У него было двое маленьких детей.
Кажется, муж кузины потом умер. По крайней мере, вполне мог.
Смерть, она такая странная. Я наблюдала ее десятилетиями. Вот человек есть. Он дышит. Говорит. Потом меняется, исчезает. Его больше нет. К этому невозможно привыкнуть. А вот сижу я, в теле почти таком же, как у умершего, но по‑прежнему дышу. Мои мысли заносит то туда, то сюда – в таком же хаосе, как узор на столешнице Бриккен, которую ей подарили на семидесятилетие. Назло Бриккен я беру последний кусок сахара, хотя обычно пью без него. Она лишь молча поднимается, достает пакет с сахарным песком и насыпает в сахарницу. Если бы я поднялась и швырнула в нее хотя бы половиной правды, она раскололась бы, как старое блюдце под цветочным горшком. Ее обожаемый Руар. Даг – ее сын и мой муж. Я вдыхаю через нос и выдыхаю через рот. Выдыхаю насмешки, стыд и вину, всех людей, показывающих мне средний палец, заполняю себя мыслью о том, что я Унни. Я могу. Но ничего этого я не говорю Бриккен, которая прочно сидит на своем стуле, наблюдая за мной через стол. Она вглядывается, ища трещины в моем фасаде. Чего‑то ждет. Меня?

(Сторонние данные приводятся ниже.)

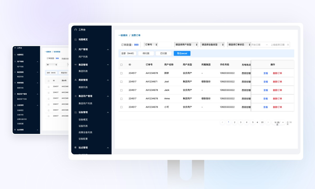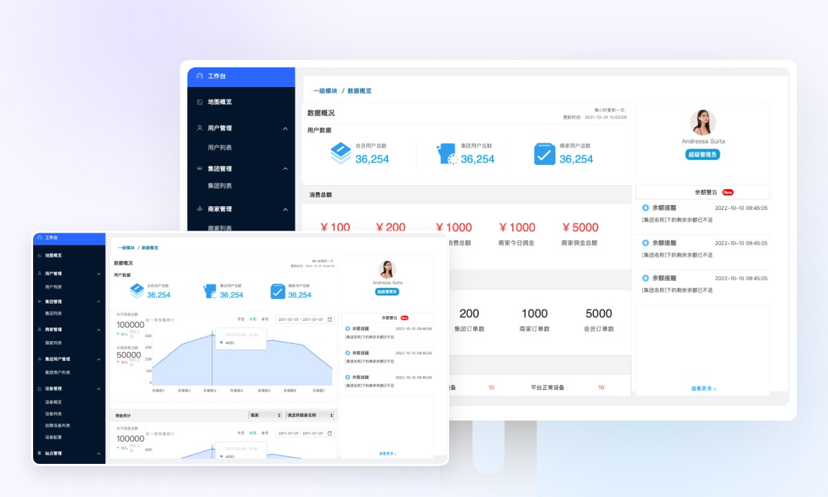 支持不同角色用户查看相应数据看板。平台方可查看多维度数据,涵盖用户分类统计、全部订单信息、设备运行状态、充值记录及佣金明细等。

Летнее солнце нащупывает меня через разрыв в кроне дерева за окном, запекает правду как пирог – снаружи твердая корочка, а внутри жидкая начинка – пока он не начинает пригорать. Деревья ближе к лесу качаются на ветру. Крепкое сильное тело Руара на фоне мха и кипучей жизни.
Унни
Зимнее цветение и летнее солнце
Ясная звездная осень в Хельсингланде, голая земля, холода. Когда живот стал большим и тяжелым, я передала Армуду мудрые советы знахарки Бриты. Поделилась с ним знаниями, укоренившимися во мне в первые вечера у нее, когда мне еще не исполнилось и восьми, и я подслушивала, лежа в постели. Поделилась всем, что она передала мне, пока я не научилась делать все наравне с ней, при ранах и боли, при зуде и угрозе жизни. Я не рассказывала обо всех опасностях, только о том, что надлежит делать, с благодарностью думая о том, как многому успела научить меня целительница до того момента, когда она умерла, а ты родился, Руар. Армуд без колебаний согласился мне помогать, воспринял это легко и естественно, как и все остальное, за что брался, но когда схватки стали частыми и мощными, я увидела, как он поник и растерялся, серьезность момента потрясла и его. Не помню боли, помню лишь, как она исчезла, сменившись страшным давлением вниз во всем теле – и ощущением, которое мне уже довелось испытать однажды. Время пришло. Я чувствовала, как расту, занимая все больше места в комнате, зная: я так сильна, что сосуды лопаются на лице. В комнате поселились разные запахи. Запахи тела, мощной силы и протухшей воды. Когда ребенок закричал, у меня было такое чувство, словно я своими силами добралась до самой вершины высокой горы. Все было залито светом. Наша семья встречала совершенно нового человека. Так удивительно, что голова кругом. Настоящее волшебство.
Туне Амалия.
У моей новорожденной дочери были спутанные волосы, широкие скулы и узенький маленький подбородок. Лицо сердечком. Когда я погладила ее кончиками пальцев по затылку и спинке, она сразу успокоилась. Я постелила ей в корзинке, и там она спала, мое прекрасное дитя, с кругленькими ступнями, темными ресницами и розовыми щечками. Ты, Руар, лежал, прижавшись ко мне в нашей постели на полу, посасывая палец, по‑прежнему напуганный всеми звуками и криками, которые я издавала. Веки твои дрожали, когда ты засыпал – может быть, тебе снился гигантский ящик, полный картошки и яблок, так что их хватило бы до весны. Или ты мечтал проснуться утром, не ощущая сквозняка по полу. Через несколько недель после родов Армуд построил кровать из досок, которые нашел и которых никто не хватится. Она подняла нас на новый уровень, в тепло, выше сквозняков, и там вы, детки, лежали, слушая его воспоминания о былых странствиях. По вечерам мы все забирались под шкуры и больше не ощущали, как холод пробирается под одежду, скользит вдоль позвоночника. Когда вы засыпали, я дышала в рот Армуду, и все вращалось вокруг нас, только мы двое оставались неподвижны.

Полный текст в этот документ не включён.